Architecting for Cost Optimization in the Cloud

Prospective and existing clients often approach us to discuss optimizing an existing cloud-based application. They are usually trying to implement performance and security improvements, and are looking for cost savings as well. Trying to re-architect on-the-fly can be a daunting task due to high visibility and perceived risk that comes with modifying a working application.

We typically start these engagements with a discovery and interview process. We meet with application architects, developers, dev-ops staff, and business sponsors. We ask them to explain the current application architecture and workflow and tell us their biggest pain points.  By interviewing stakeholders with a variety of roles and backgrounds, we are able to get a better understanding of both the application profile and the client’s business needs and wants. Collaborating with the business in this way results in a higher likelihood of success.

When we are wearing our architects and designer hats, we find we can get right to the heart of the matter by asking the following questions:

  1. Can you make use of more cloud managed services?
  2. What workloads can you automate and move from managed-pets to cattle?
  3. What workloads can utilize dynamic scaling, or can be transformed to tolerate lost resources?

Typical client responses:

  1. “We want to migrate from running actively managed databases to a cloud-managed database service, or we want to use a SaaS logging service for log aggregation, analysis, and alerting.”
  2. “We want to be able to deploy to our app several times a day without downtime.”
  3. “We were looking at using spot instances to cut our records/ data processing time down and save costs.”

Helping our clients solve these types of problems produces tangible benefits, both in terms of capabilities and cost optimization. For example, if we help a client automate and streamline code deployments, they can ship code much faster and spend less time in administrative overhead managing multiple /manual deployment processes.

Once discovery is completed, the real fun begins. We start the process of implementation.

Let’s examine each of the example client responses above in more detail, and see how we help make improvements.

“We want to migrate from running actively managed databases to a cloud-managed database service, or we want to use a SaaS logging service for log aggregation, analysis, and alerting.”

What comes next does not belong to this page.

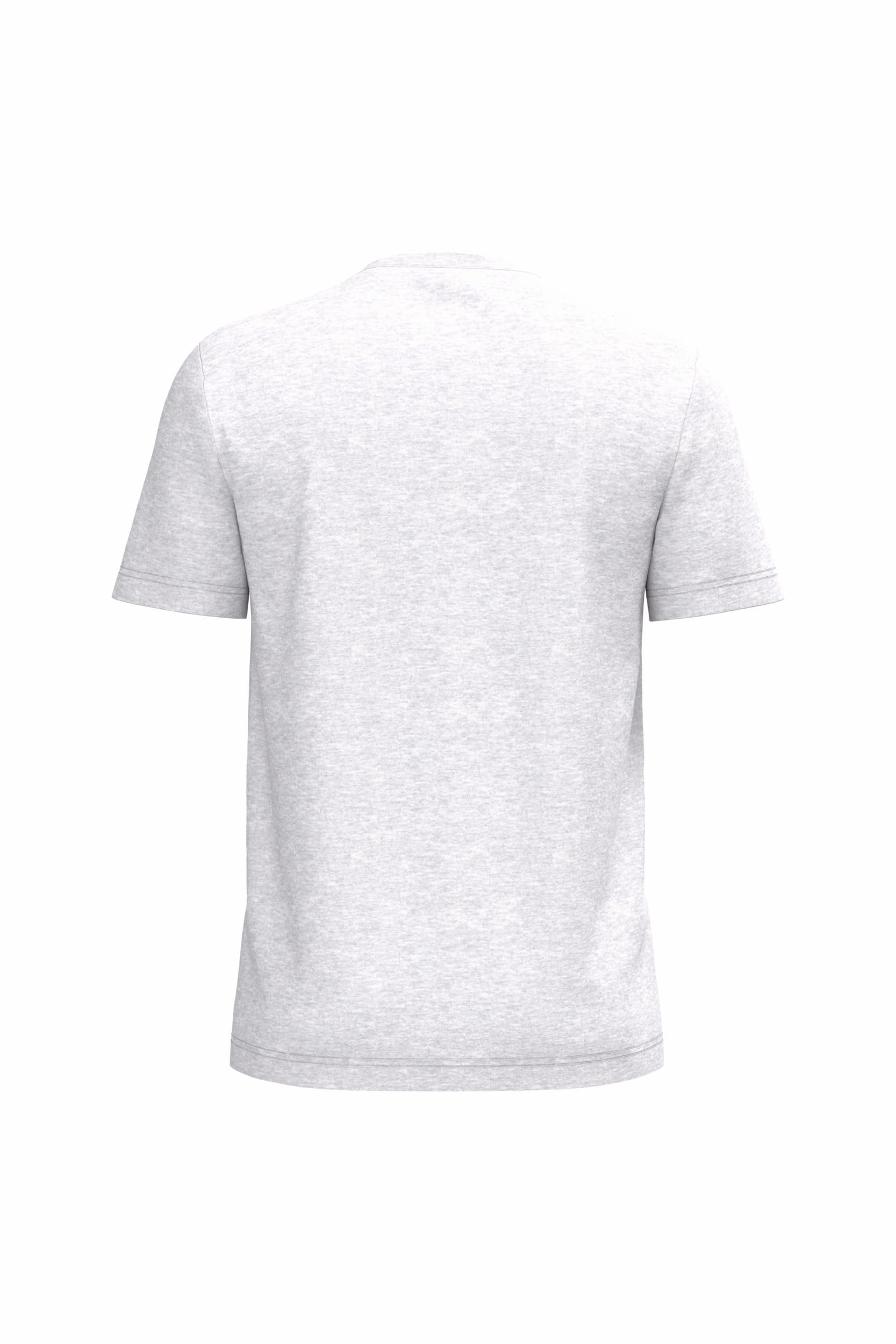 Effen kleuren : 100% katoen. Kleur Ash Heather : 98% katoen / 2% viscose. Kleur Oxford Grey : 90% katoen / 10% viscose. Kleuren Wine Heather ; French Navy Heather ; Green Marble Heather ; Cloudy Blue Heather : 80% katoen / 20% polyester. En kleur Grey Heather : 70% katoen / 30% polyester. Alle kleuren zijn gemaakt van biologisch katoen in omschakeling. Ronde hals in ribboord met elasthan. Toon-op-toon nektape. Buisvormig. Dubbel stiksel aan mouwuiteinden en onderkant. Gecertificeerd STANDARD 100 by OEKO-TEX®N° CQ1007/7, IFTH.

I often see client deployments that are running in the cloud, but aren’t taking full advantage of the cloud’s capabilities. For example, in AWS, I’ve seen multiple environments running postgres and/or mysql databases on dedicated EC2 instances. When I ask the account owners why they aren’t running on RDS, their answers are typically something along the lines of: “Well the app was deployed some time ago”, or “We wanted to try and save costs by running multiple services on one server”, etc. They are failing to take advantage of all of the value-adds that a service like RDS provides. 
Automated snapshots/backups, automated failover if they run multi-AZ, easily create read replica, automated minor version upgrades, etc. When the costs and management overhead are factored into the above capabilities, it quickly becomes apparent that taking advantage of the managed services offering is the better deal.

The same example works for building a log aggregation solution versus using one of the several excellent cloud-native SaaS offerings in this domain. Elastic, DataDog, Splunk, Loggly, etc.

AS AWS is fond of saying, let the cloud do the undifferentiated heavy lifting for you, so you can focus on what you do best.

By far and away the biggest cost savings this approach offers to our clients is freeing up administration time for their developers and dev-ops staff.

“We want to be able to deploy to our app several times a day without downtime.”

This is a pretty common request across several of our clients. Clients realize without automated deployment capabilities, they are spending way too much time managing, verifying and fixing deployment jobs. This consumes a lot of valuable time for developers, QA, and devops staff.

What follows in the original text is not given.